Interspersed throughout the exhibit are displays of Mohamedi’s personal diaries. In these little pocketbooks, Mohamedi both recorded reflections on her craft and found a second canvas for her art. She overlaid the pages with grids and circles, drew thick black boxes over phrases that she wanted to stress. She was, according to Wagstaff “actually treating [the diaries] as art works in themselves.”
Mohamedi’s diaries not only reveal her preoccupations as an artist (one page on display is entirely blacked out except for the phrase, “A NEED FOR REAL AUSTERITY”), but also lend a window into the artist’s personality. “You learn a certain amount from the diaries about her single mindedness, about her toughness with herself,” Wagstaff said. “She didn’t give herself any slack. She was constantly saying to herself: this needs to be better, I have to rethink this.”

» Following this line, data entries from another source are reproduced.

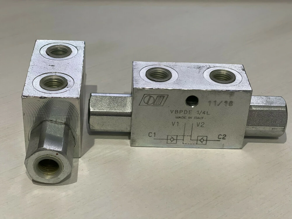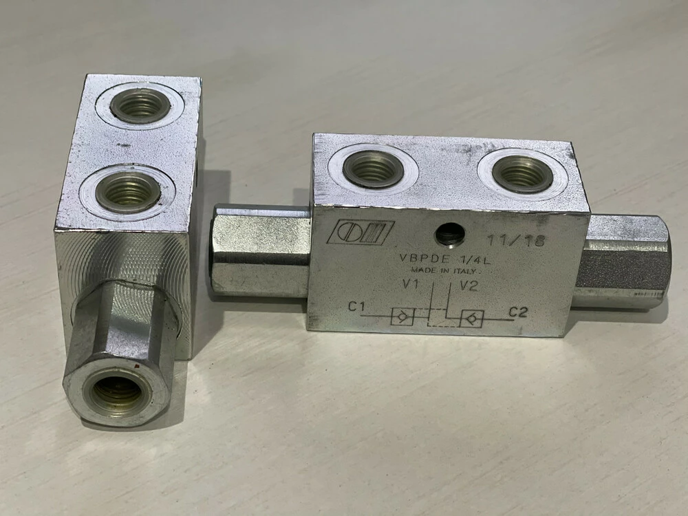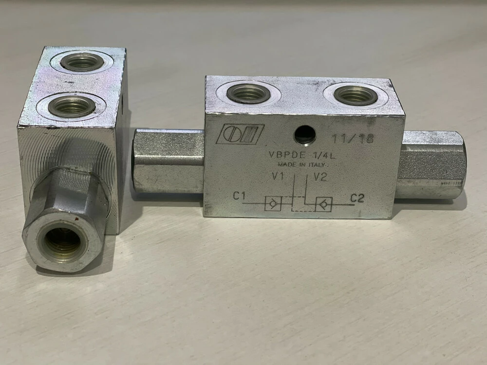 Гидрозамок импортный производство Италия тип VBPDE 1/4" L, данный гидрозамок позволяет свободно пропускать до 20 л/мин потока рабочей жидкости в одном направлении и запирает поток в противоположном направлении до тех пор, пока давление управления (пилотное управление) не откроет запорный элемент.
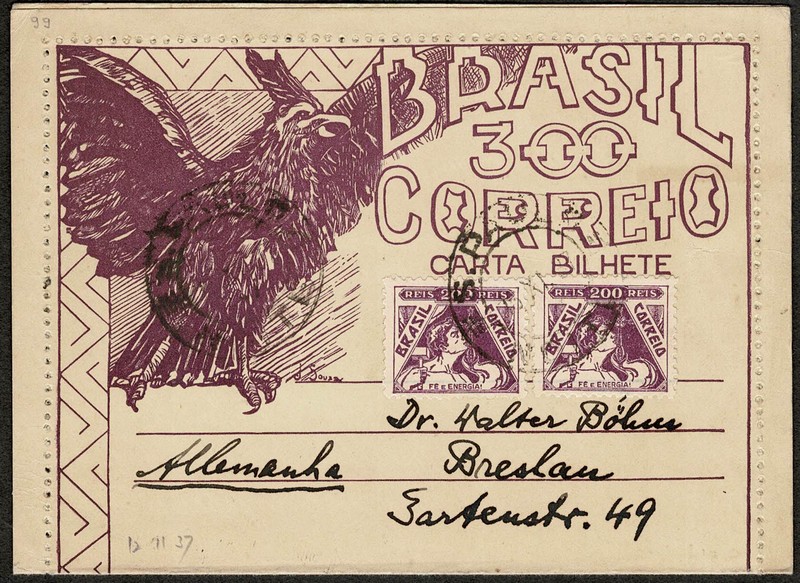 99 – Ano 1937 – 300Rs selos vovó complementares, circulado de S.Paulo para a Alemanha. Muito bem conservado
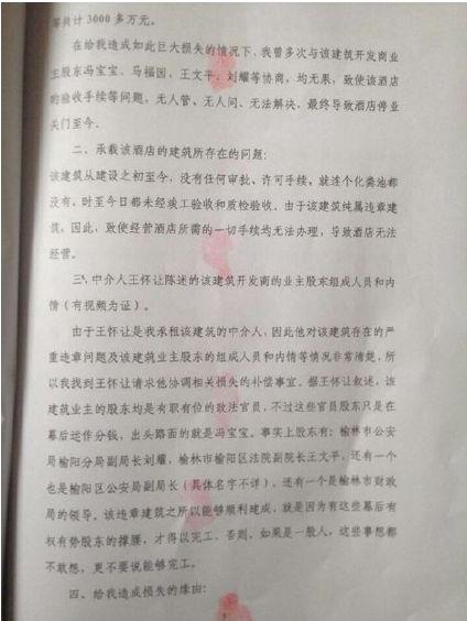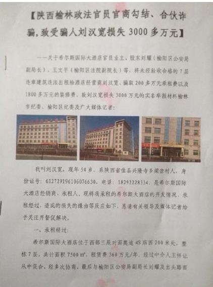 據(jù)新浪微博爆料:佳縣劉漢寬實(shí)名舉報(bào)榆陽區(qū)法院副院長(zhǎng)王文平等多名榆林官員股東,將未經(jīng)驗(yàn)收合格的希爾斯國(guó)際大酒店違章建筑出租給經(jīng)營(yíng)商,騙取200多萬承包費(fèi)及1800多萬裝修費(fèi),導(dǎo)致經(jīng)營(yíng)商損失高達(dá)3000多萬。
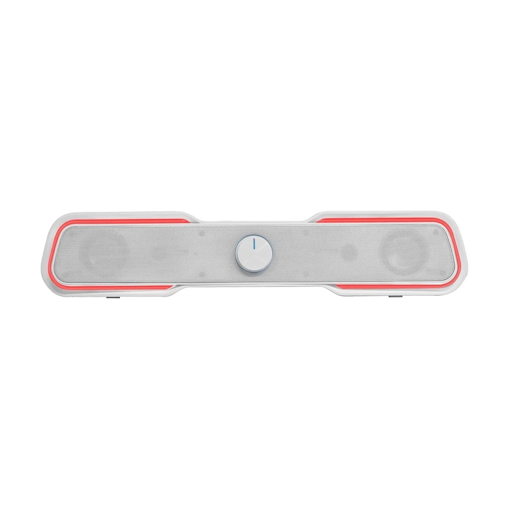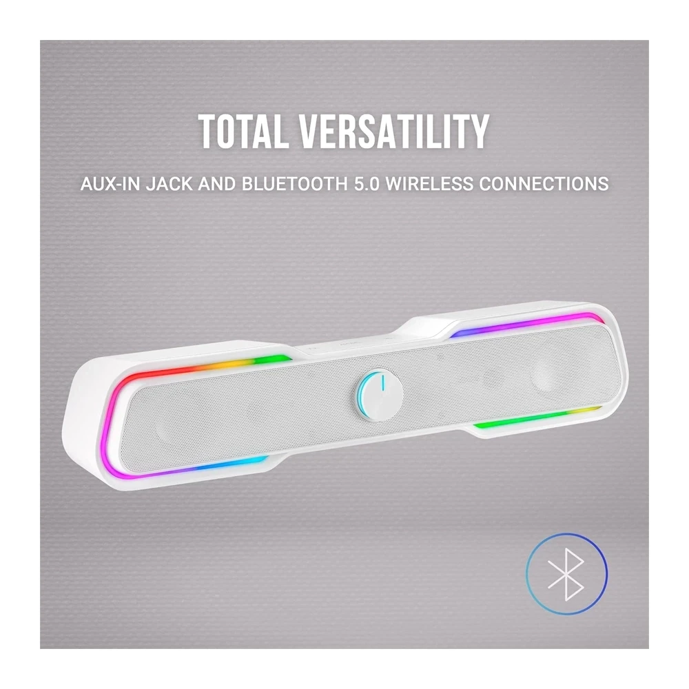 White RGB soundbar with 10W output, Bluetooth 5.0, and dynamic lighting effects. USB powered.
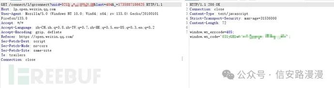 看到這里可能有一個疑問,我們如果去獲取授權code呢? 4)重定向URL被篡改有的時候,授權服務提供方并沒有對第三方軟件的回調 URI 做完整性要求和完整性校驗。 比如,第三軟件 B 的詳細回調 URI 是https://app.org/callback,那么在完整性校驗缺失的情況下,只要以https://app.org開始或者其他域名的的回調 URI 地址,都會被認為是合法的。 那么我們就可以修改回調地址,然后誘導用戶去點擊這個鏈接,這樣當返回code的時候就會去回調我們修改后的地址,這樣就可以在服務器上看到其code。進而按照授權碼失竊來進行攻擊 問題:大部分的授權服務器都限制了url的host頭,如何進行利用? 第一種方式:結合任意url跳轉。如果驗證服務器沒有完全匹配,可以通過../這種方式改變路徑的??梢栽陧撁嫔险乙粋€任意url跳轉漏洞,配合這種漏洞進行利用。 如下圖,通過../改變路徑,然后將跳轉的url指向我們的服務器,這樣就可以在服務器的日志上看到想要的內容
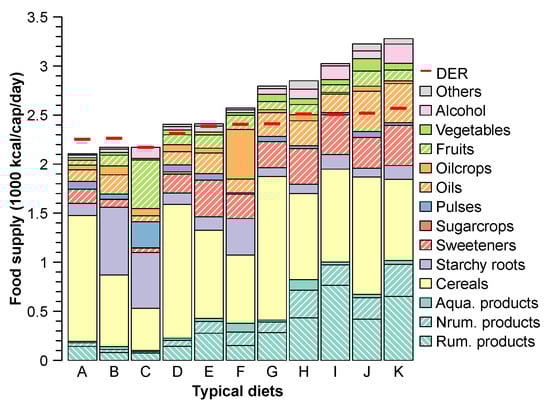Four diets (D–G) contain total calories of between 2400 kcal/cap/day and 2800 kcal/cap/day. These diets are composed of a slightly higher amounts of calories from animal-source foods in comparison to the diets A–C. A mixture of cereals, sugar crops and sweeteners, oil crops and oils, and starchy roots provides a major source of calories in these diets. The protein contents in the diets are relatively low (<60 g/cap/day), except for diet G (≈75 g/cap/day). Diet G also contains a larger amount of cereal compared to the diets D–F (Figures S2–S4). The fat content is less than 70 g/cap/day in these diets, except for the diet F (95 g/cap/day), which consists of a larger amount of oil crops and aquatic products. The food supply in most countries in South America reflects the diets D–G, which was also the case for the Former Soviet Union before 1967 (Figure S5).
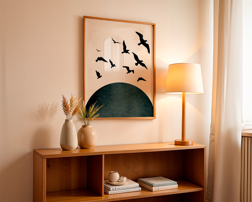 Una opera appartenente alla categoria di quadri con uccelli, creata da Kubistika, con tonalità di colori verdi, e da appendere in posizione verticale. Si tratta di un'illustrazione semplice e pulita, che puoi abbinare ad altre illustrazioni per realizzare una composizione artistica. Riempi le tue pareti di opere artistiche.
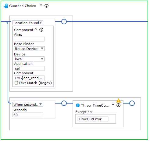 The guarded choice step is used to set up a number of conditions, each associated with some actions. Whichever condition or guard is satisfied first, its associated actions or steps are executed. This is often used to ensure that an interface element, such as a button, is present before trying to move to and click it. To avoid waiting indefinitely, a timeout guard is added. In Kofax RPA, you can use location and timeout guards to make sure the robot finds the required elements and works as designed.
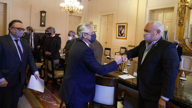 El encuentro se inició cerca de las 13 en Casa Rosada, donde el el jefe de Estado estaba acompañado por los ministros Kulfas, y Basterra; y las secretarias de Comercio Interior, Paula Español, de Legal y Técnica, Vilma Ibarra y la vicejefa de Gabinete, Cecilia Todesca.

The discipline that is apparent in Mohamedi’s writings and drawings belies a great tragedy. When she was in her 20s, Mohamedi was diagnosed with Huntingon’s Disease, a neurological condition that, among other things, affects a person’s motor functions. For Mohamedi, whose life’s work was predicated upon precision and control, it was a particularly devastating affliction. Hand tremors eventually made drawing difficult, but she continued to produce art into the last years of her life. These later drawings, which occupy the third wing of the gallery, are softer, sparser than their predecessors. Curves and chevrons float delicately in a void of blank space.
Mohamedi died of Huntington’s in 1990, at the age of 53. At the time, she was little known beyond India, but is now considered to be one of the most important figures of South Asian modernism. Since 2007, her work has been displayed at the documenta art show in Germany, the Tate Liverpool in England, and the Kiran Nadar Museum of Art in New Delhi. The program at the Met Breuer marks the first retrospective of Mohamedi’s work in the United States.
Wagstaff hopes that the exhibition will introduce new audiences to Mohamedi’s singular, beautiful vision. “She deserves to be known more,” Wagstaff said. “You only need to look at a couple of these—and spend time to understand where these lines relate to each other, and what’s actually going on in the paper—to understand how brilliant she is.”